Roxadustat (FG-4592) Facilitates Recovery From Renal Damage by Ameliorating Mitochondrial Dysfunction Induced by Folic Acid

Xue Li; Bo Jiang; Yu Zou; Jie Zhang; Yuan-Yuan Fu; Xiao-Yue Zhai

doi:10.3389/fphar.2021.788977

Roxadustat (FG-4592) Facilitates Recovery From Renal Damage by Ameliorating Mitochondrial Dysfunction Induced by Folic Acid

Front Pharmacol. 2022 Feb 25:12:788977. doi: 10.3389/fphar.2021.788977. eCollection 2021.

Authors

Xue Li^{1

2}, Bo Jiang³, Yu Zou¹, Jie Zhang¹, Yuan-Yuan Fu¹, Xiao-Yue Zhai^{1

4}

Affiliations

¹ Department of Histology and Embryology, Basic Medical College, China Medical University, Shenyang, China.
² Department of Nephrology, Shengjing Hospital of China Medical University, Shenyang, China.
³ Department of Vascular Surgery, First Hospital of China Medical University, Shenyang, China.
⁴ Institute of Nephropathology, China Medical University, Shenyang, China.

Abstract

Incomplete recovery from acute kidney injury induced by folic acid is a major risk factor for progression to chronic kidney disease. Mitochondrial dysfunction has been considered a crucial contributor to maladaptive repair in acute kidney injury. Treatment with FG-4592, an inhibitor of hypoxia inducible factor prolyl-hydroxylase, is emerging as a new approach to attenuate renal damage; however, the underlying mechanism has not been fully elucidated. The current research demonstrated the protective effect of FG-4592 against renal dysfunction and histopathological damage on the 7th day after FA administration.
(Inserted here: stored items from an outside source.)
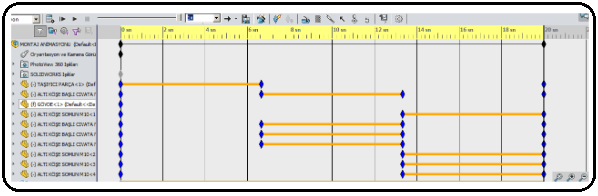 düğmesine tıklandığında anahtar kare düğmeleri görünür (Şekil 5). Aynı düğmeye tekrar tıklandığında kapanır. Burada her parçanın animasyon zaman aralığı görüntülenir.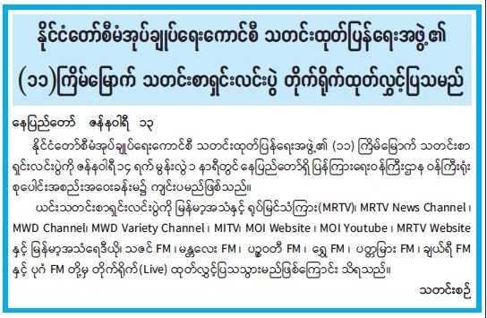 နိုင်ငံတော်စီမံအုပ်ချုပ်ရေးကောင်စီ သတင်းထုတ်ပြန်ရေးအဖွဲ့၏ (၁၁) ကြိမ်မြောက် သတင်းစာရှင်းလင်းပွဲ တိုက်ရိုက်ထုတ်လွှင်ပြသမည် 01/14/2022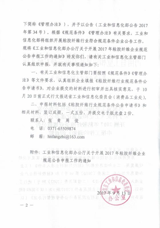 附件2:工信部办公厅关于开展2017年粘胶纤维企业规范公告申报工作的通知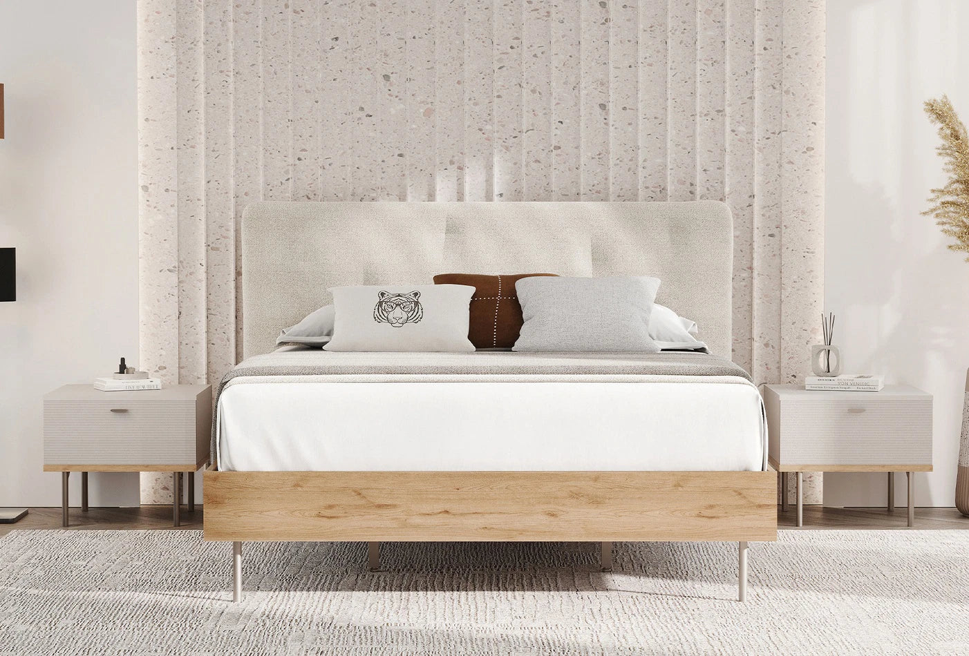 Придава елегантна атмосфера на спалнята ви с изтеглящите се детайли на таблата. Металните крака добавят модерно докосване към дизайна и издръжливост заедно.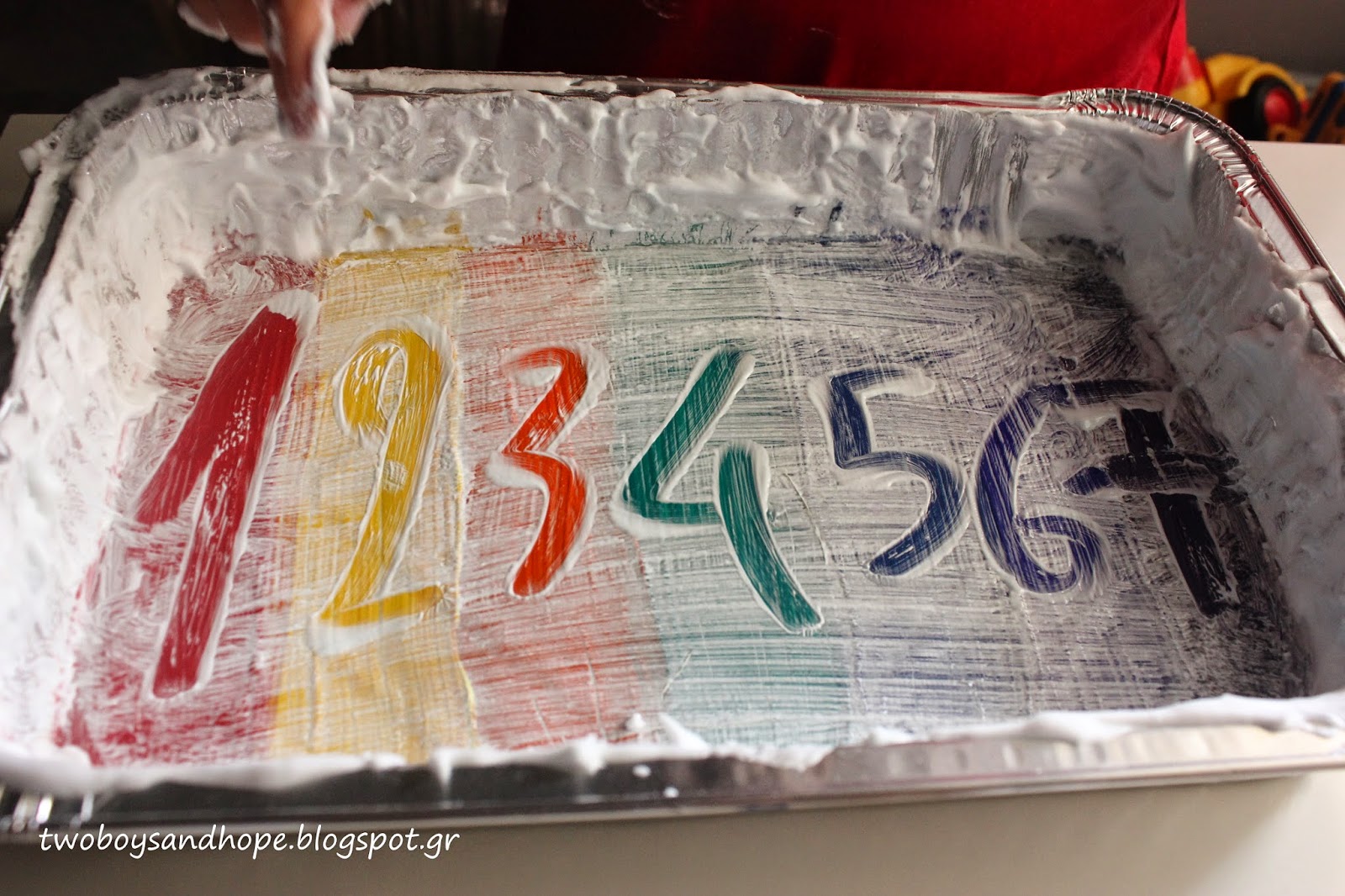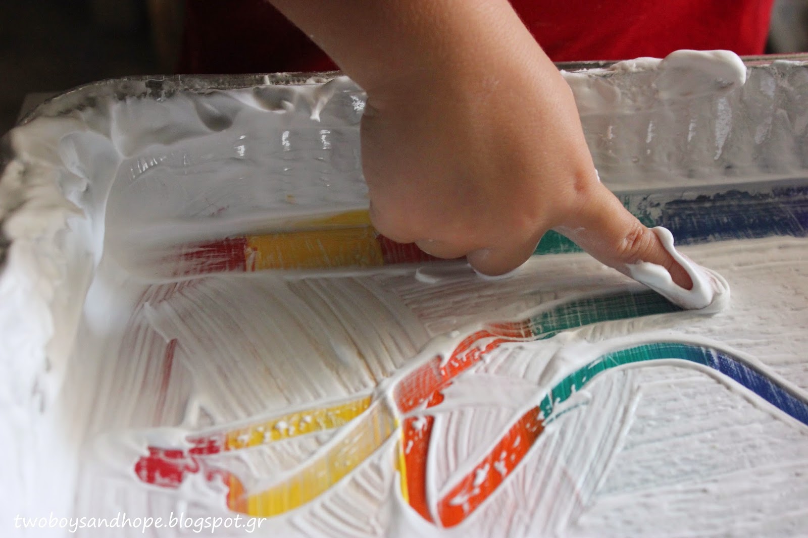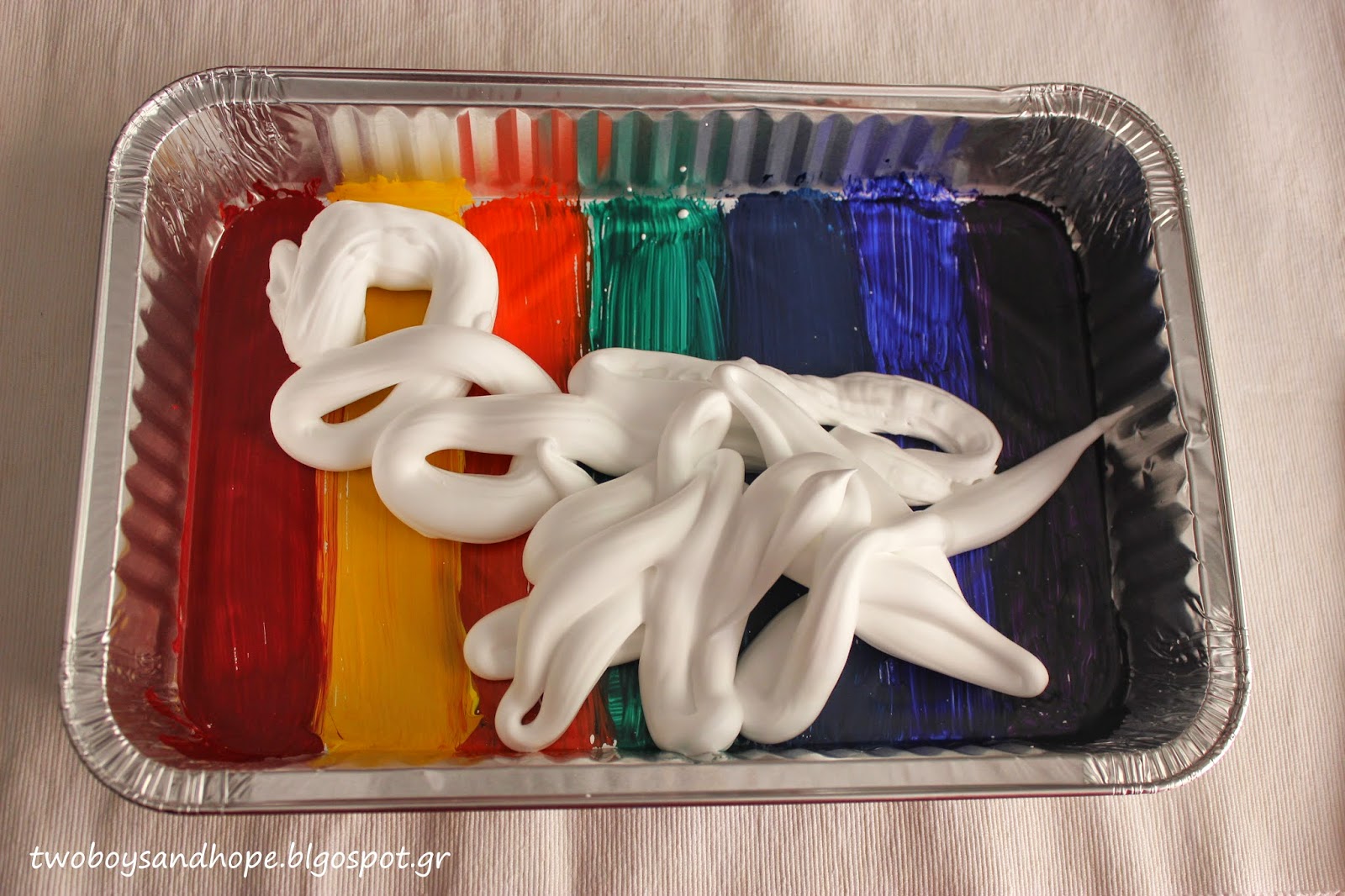 Τέλειο!!! Και ίσως μπορούμε αντί για αφρό να γεμίσουμε το ταψί αλεύρι η και τέτοιο ώστε με το δάχτυλο να γίνονται γραμμές και να φαίνεται το ουρανό τόξο…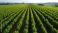 • Rows of green macadamia trees stretch into distance on sunny day. Verdant farm landscape shows neat cultivation pattern. Blue sky above green cultivated land.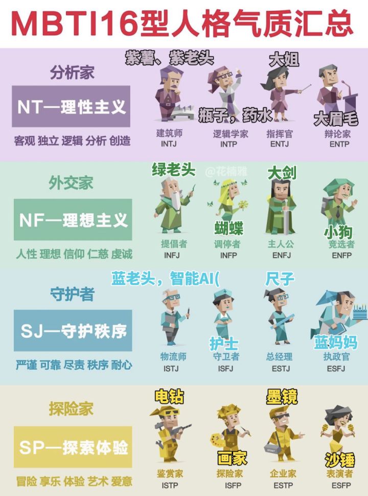 【心理辅导】MBTI人格形象+荣格八维+称号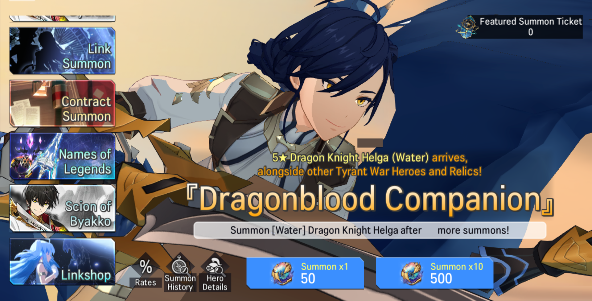 ※ If the player has not recruited 5★ Dragon Knight Helga (Water) within 89 summons, the player is guaranteed to recruit 5★ Dragon Knight Helga (Water) on their 90th summon.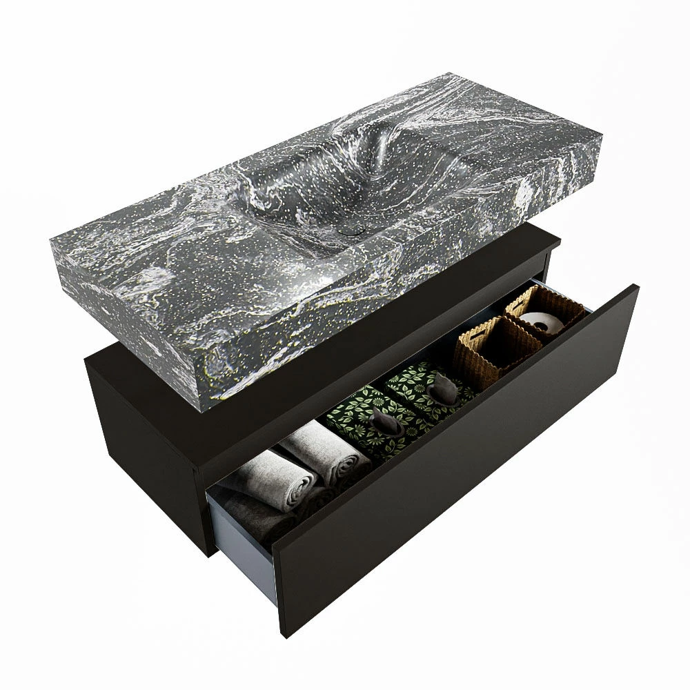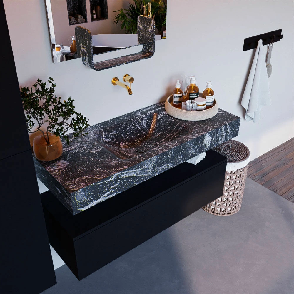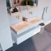 De wastafel is afgewerkt in een marmeren kleur, wat zorgt voor een elegante look. Doordat de wastafel gemaakt is van solid surface, heeft hij een strakke lijnafwerking. Naast de looks, heeft dit sterke materiaal ook veel praktische voordelen. Solid surface is namelijk vochtbestendig en heeft geen poriën waar vuil in kan zitten. Ook is het eenvoudig te reinigen met een natte doek. Mooi én hygiënisch dus!

FG-4592 accelerated tubular repair by promoting tubular cell regeneration, as indicated by increased proliferation of cell nuclear antigen-positive tubular cells, and facilitated structural integrity, as reflected by up-regulation of the epithelial inter-cellular tight junction molecule occludin-1 and the adherens junction molecule E-cadherin. Furthermore, FG-4592 ameliorated tubular functional recovery by restoring the function-related proteins aquaporin1, aquaporin2, and sodium chloride cotransporter. Specifically, FG-4592 pretreatment inhibited hypoxia inducible factor-1α activation on the 7th day after folic acid injection, which ameliorated ultrastructural abnormalities, promoted ATP production, and attenuated excessive reactive oxygen species production both in renal tissue and mitochondria. This was mainly mediated by balancing of mitochondrial dynamics, as indicated by down-regulation of mitochondrial fission 1 and dynamin-related protein 1 as well as up-regulation of mitofusin 1 and optic atrophy 1. Moreover, FG-4592 pretreatment attenuated renal tubular epithelial cell death, kidney inflammation, and subsequent interstitial fibrosis. In vitro, TNF-α-induced HK-2 cells injury could be ameliorated by FG-4592 pretreatment. In summary, our findings support the protective effect of FG-4592 against folic acid-induced mitochondrial dysfunction; therefore, FG-4592 treatment can be used as a useful strategy to facilitate tubular repair and mitigate acute kidney injury progression.

Keywords: FA-induced renal damage; FG-4592; HIF-1α; mitochondria dysfunction; repair.